> **Task objective**: All the data below needs to be retyped exactly as shown.
Data extract: Begin
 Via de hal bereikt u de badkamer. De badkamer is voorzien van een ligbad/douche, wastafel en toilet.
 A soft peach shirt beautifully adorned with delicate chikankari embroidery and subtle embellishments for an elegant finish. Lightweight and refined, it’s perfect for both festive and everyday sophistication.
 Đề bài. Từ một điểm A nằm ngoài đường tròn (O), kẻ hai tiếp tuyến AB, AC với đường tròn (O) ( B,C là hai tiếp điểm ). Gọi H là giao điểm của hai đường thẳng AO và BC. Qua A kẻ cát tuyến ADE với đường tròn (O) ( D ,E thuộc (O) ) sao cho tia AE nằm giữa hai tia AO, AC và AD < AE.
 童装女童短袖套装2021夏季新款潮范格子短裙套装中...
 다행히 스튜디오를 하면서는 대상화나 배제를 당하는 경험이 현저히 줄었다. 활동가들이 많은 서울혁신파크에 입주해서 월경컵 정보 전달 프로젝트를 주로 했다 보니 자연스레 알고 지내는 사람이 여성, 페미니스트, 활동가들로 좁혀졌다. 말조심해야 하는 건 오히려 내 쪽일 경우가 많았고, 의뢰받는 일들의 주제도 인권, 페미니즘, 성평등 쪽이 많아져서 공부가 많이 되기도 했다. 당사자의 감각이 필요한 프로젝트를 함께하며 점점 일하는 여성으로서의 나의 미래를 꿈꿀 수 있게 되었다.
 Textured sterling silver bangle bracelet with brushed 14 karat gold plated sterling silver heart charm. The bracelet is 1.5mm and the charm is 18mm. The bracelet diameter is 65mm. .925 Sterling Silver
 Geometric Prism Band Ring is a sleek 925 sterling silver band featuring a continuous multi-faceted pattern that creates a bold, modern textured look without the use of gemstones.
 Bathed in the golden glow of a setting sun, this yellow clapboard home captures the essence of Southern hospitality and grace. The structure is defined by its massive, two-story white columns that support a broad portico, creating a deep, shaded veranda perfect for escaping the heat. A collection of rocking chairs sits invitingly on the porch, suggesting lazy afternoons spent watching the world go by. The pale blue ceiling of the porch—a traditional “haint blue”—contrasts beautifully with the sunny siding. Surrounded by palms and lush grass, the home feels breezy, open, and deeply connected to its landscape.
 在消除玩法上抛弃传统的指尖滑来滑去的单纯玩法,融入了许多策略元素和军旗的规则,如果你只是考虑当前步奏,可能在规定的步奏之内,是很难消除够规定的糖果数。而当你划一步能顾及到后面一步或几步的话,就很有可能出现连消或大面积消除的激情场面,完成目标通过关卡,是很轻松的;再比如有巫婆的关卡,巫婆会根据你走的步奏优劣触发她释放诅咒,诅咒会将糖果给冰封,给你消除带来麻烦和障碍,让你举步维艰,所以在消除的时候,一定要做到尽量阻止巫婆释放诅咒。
Data extract: End
> **Expected output**:
 Via de hal bereikt u de badkamer. De badkamer is voorzien van een ligbad/douche, wastafel en toilet.
 A soft peach shirt beautifully adorned with delicate chikankari embroidery and subtle embellishments for an elegant finish. Lightweight and refined, it’s perfect for both festive and everyday sophistication.
 Đề bài. Từ một điểm A nằm ngoài đường tròn (O), kẻ hai tiếp tuyến AB, AC với đường tròn (O) ( B,C là hai tiếp điểm ). Gọi H là giao điểm của hai đường thẳng AO và BC. Qua A kẻ cát tuyến ADE với đường tròn (O) ( D ,E thuộc (O) ) sao cho tia AE nằm giữa hai tia AO, AC và AD < AE.
 童装女童短袖套装2021夏季新款潮范格子短裙套装中...
 다행히 스튜디오를 하면서는 대상화나 배제를 당하는 경험이 현저히 줄었다. 활동가들이 많은 서울혁신파크에 입주해서 월경컵 정보 전달 프로젝트를 주로 했다 보니 자연스레 알고 지내는 사람이 여성, 페미니스트, 활동가들로 좁혀졌다. 말조심해야 하는 건 오히려 내 쪽일 경우가 많았고, 의뢰받는 일들의 주제도 인권, 페미니즘, 성평등 쪽이 많아져서 공부가 많이 되기도 했다. 당사자의 감각이 필요한 프로젝트를 함께하며 점점 일하는 여성으로서의 나의 미래를 꿈꿀 수 있게 되었다.
 Textured sterling silver bangle bracelet with brushed 14 karat gold plated sterling silver heart charm. The bracelet is 1.5mm and the charm is 18mm. The bracelet diameter is 65mm. .925 Sterling Silver
 Geometric Prism Band Ring is a sleek 925 sterling silver band featuring a continuous multi-faceted pattern that creates a bold, modern textured look without the use of gemstones.
 Bathed in the golden glow of a setting sun, this yellow clapboard home captures the essence of Southern hospitality and grace. The structure is defined by its massive, two-story white columns that support a broad portico, creating a deep, shaded veranda perfect for escaping the heat. A collection of rocking chairs sits invitingly on the porch, suggesting lazy afternoons spent watching the world go by. The pale blue ceiling of the porch—a traditional “haint blue”—contrasts beautifully with the sunny siding. Surrounded by palms and lush grass, the home feels breezy, open, and deeply connected to its landscape.
 在消除玩法上抛弃传统的指尖滑来滑去的单纯玩法,融入了许多策略元素和军旗的规则,如果你只是考虑当前步奏,可能在规定的步奏之内,是很难消除够规定的糖果数。而当你划一步能顾及到后面一步或几步的话,就很有可能出现连消或大面积消除的激情场面,完成目标通过关卡,是很轻松的;再比如有巫婆的关卡,巫婆会根据你走的步奏优劣触发她释放诅咒,诅咒会将糖果给冰封,给你消除带来麻烦和障碍,让你举步维艰,所以在消除的时候,一定要做到尽量阻止巫婆释放诅咒。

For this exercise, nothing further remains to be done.